Means for Solving the Problems The present inventors have focused on the relationship between the higher-order structure of a polymer (resin) and biodegradability, and as a result of diligent studies, have decomposed it for biodegradation of the polymer. We have found that steric effects are involved in enzyme molecules and material structure, and as a result of detailed studies, we have given functions without compromising biodegradability, especially in composite materials of biodegradable and non-biodegradable materials. The present inventors have found a material capable of performing the above-mentioned steps and have completed the present invention.

That is, the biodegradable composite material of the present invention comprises at least a surface of a molded article made of a biodegradable polymer material.
A heterogeneous polymer compound is chemically bonded, and the microstructure on the surface of the molded product is uneven,
It is characterized in that there is a non-binding domain to which a different polymer compound is not bonded.

In the present invention, as the biodegradable polymer material, those selected from polysaccharide compounds, polypeptide compounds, polyvinyl alcohol compounds, polyester compounds and mixtures thereof are preferably used. Further, the heterogeneous polymer compound bonded to the surface of the molded product is preferably a non-biodegradable polymer compound. In addition, the different polymer compound is preferably a compound obtained by chemically bonding a polymerizable monomer to the surface of a molded product by graft polymerization.

In the biodegradable composite material of the present invention, the bonding state of different types of high molecular compounds chemically bonded to the surface of a molded product made of a high biodegradable high molecular material is not uniform. It is superficial and is characterized by the presence of domains (portions) to which the polymer compound is not bound. A preferred example of such a surface structure is shown in FIG. 1, and a cross-sectional view thereof is shown in FIG. These figures show a state in which an island-like domain in which a plurality of different types of polymer compounds 2 are bonded is present on the surface of a molded article 1 made of a biodegradable polymer material. In the figure, 3 is a domain to which a different kind of polymer compound is bound, and 4 is a non-binding domain to which no different kind of polymer compound is bound.
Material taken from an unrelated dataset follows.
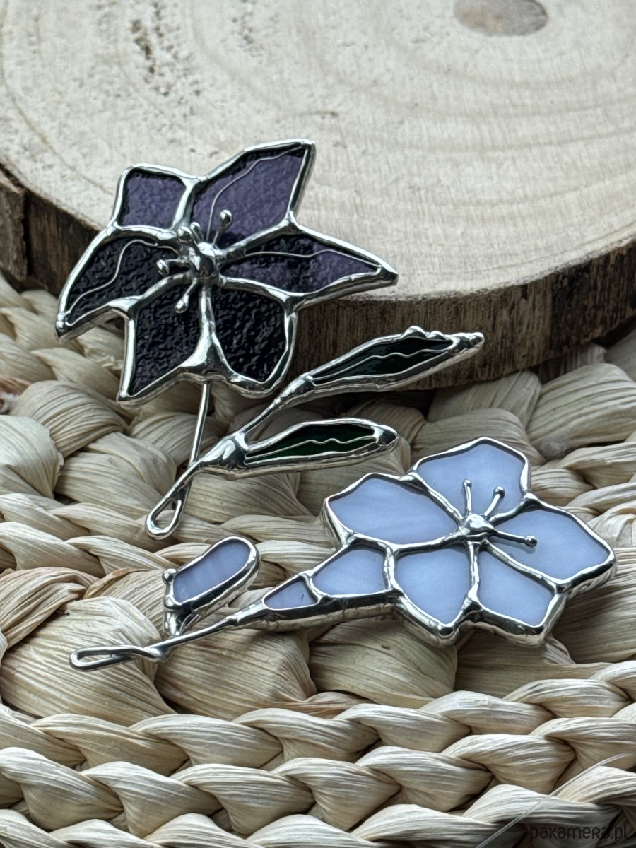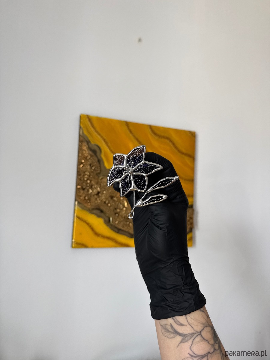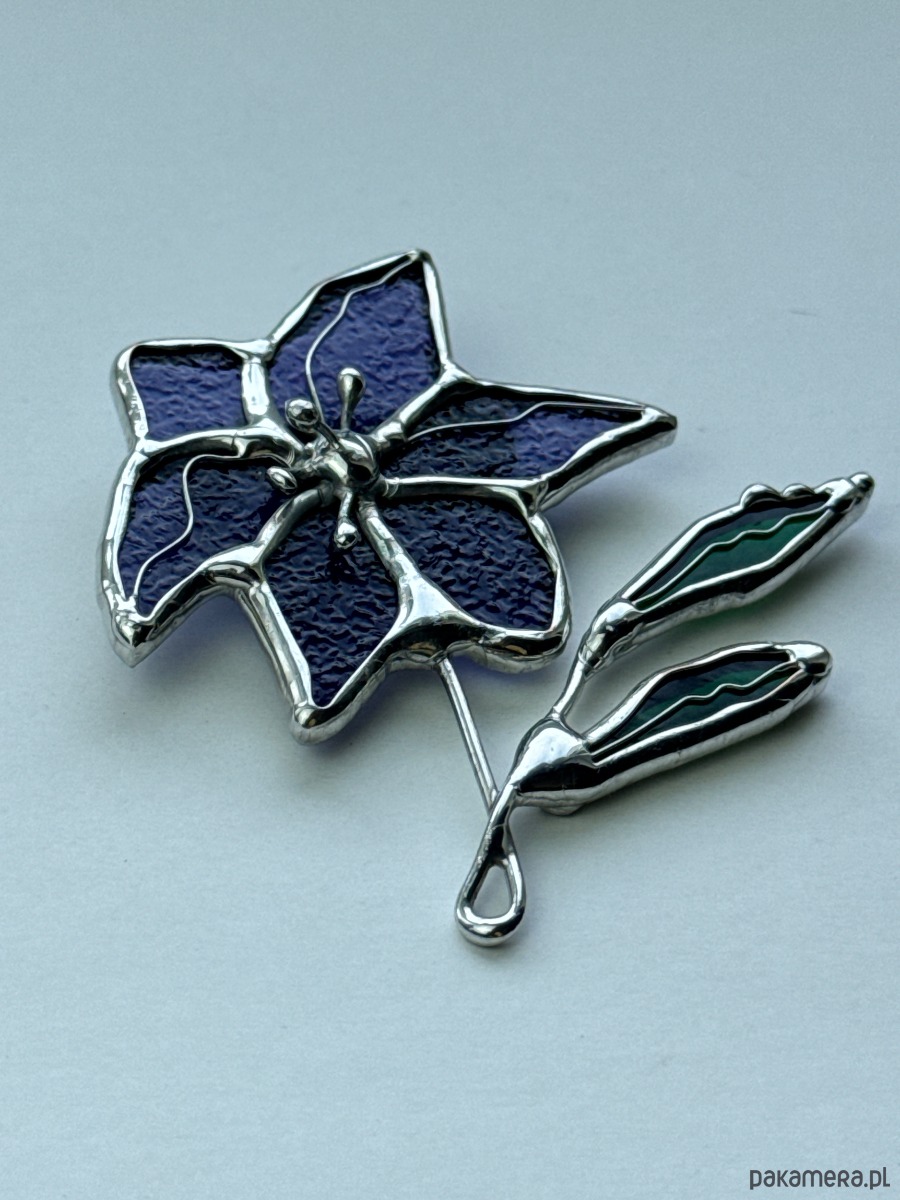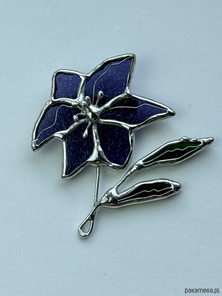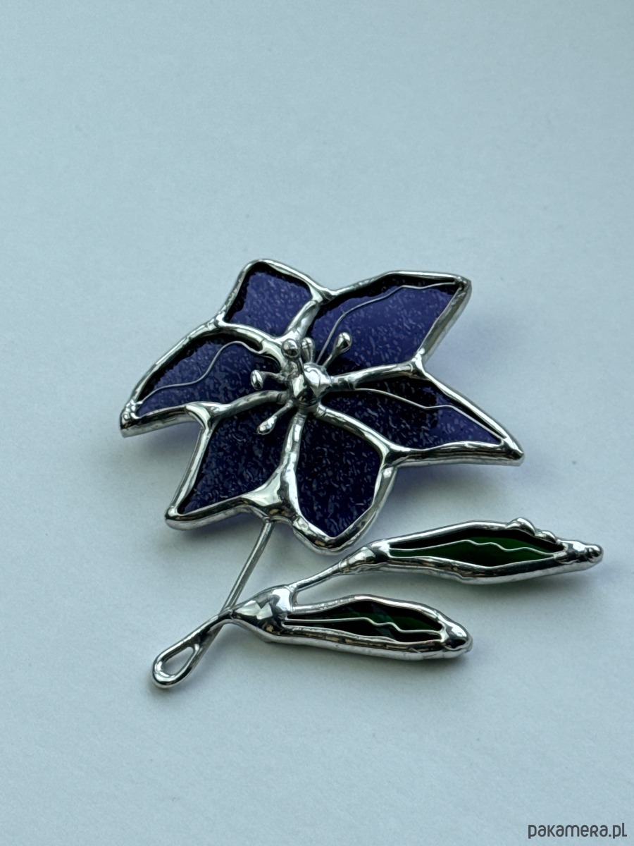 Broszka witrażowa Kwiat Clematis Witraż Tiffany

The non-binding domain on the surface of the molded article made of the biodegradable composite material of the present invention, to which the high molecular compound is not bonded, can take the form of an island or a continuous phase. The binding domain preferably has a shape of a perfect circle having a diameter of 5 nm or more in order to provide excellent biodegradability. Therefore, in the present invention, it is preferable that there be a large number of non-binding domains having a shape having a size such that a perfect circle having a diameter of at least 5 nm is formed.

[0011]

BEST MODE FOR CARRYING OUT THE INVENTION Hereinafter, the biodegradable composite material of the present invention will be described in detail. As the biodegradable polymer material constituting the biodegradable composite material of the present invention, polysaccharide compounds, polypeptide compounds, polyester compounds, polyvinyl alcohol compounds and mixtures thereof can be preferably used. More specifically, cellulose, cellulose derivatives such as cellulose esters, starch, starch derivatives such as starch esters, lignin, chitin and chitosan derived from crustaceans and chemically modified derivatives thereof, natural proteins, poly (γ-glutamic acid), poly Polypeptide compounds such as (ε-lysine), polyhydroxylactic acid,
Biopolyesters and synthetic aliphatic polyesters such as polyhydroxybutyric acid and copolymers thereof, polyvinyl alcohol and derivatives thereof, and vinyl alcohol
Polymer blends of (meth) acrylic acid copolymers and salts thereof, polysaccharide compounds, and biopolyesters, synthetic polyesters, polyvinyl alcohols, and the like (for example, trade name of a blend of starch and modified polyvinyl alcohol: Matterby) And the like. Among these, polysaccharide compounds and blends thereof with synthetic polymers are preferably used because they have features such as being inexpensive, highly biodegradable, and safe for living organisms. The biodegradable polymer material may contain various additives such as organic and inorganic fillers, inorganic pigments, coloring materials such as organic pigments and dyes, and stabilizers.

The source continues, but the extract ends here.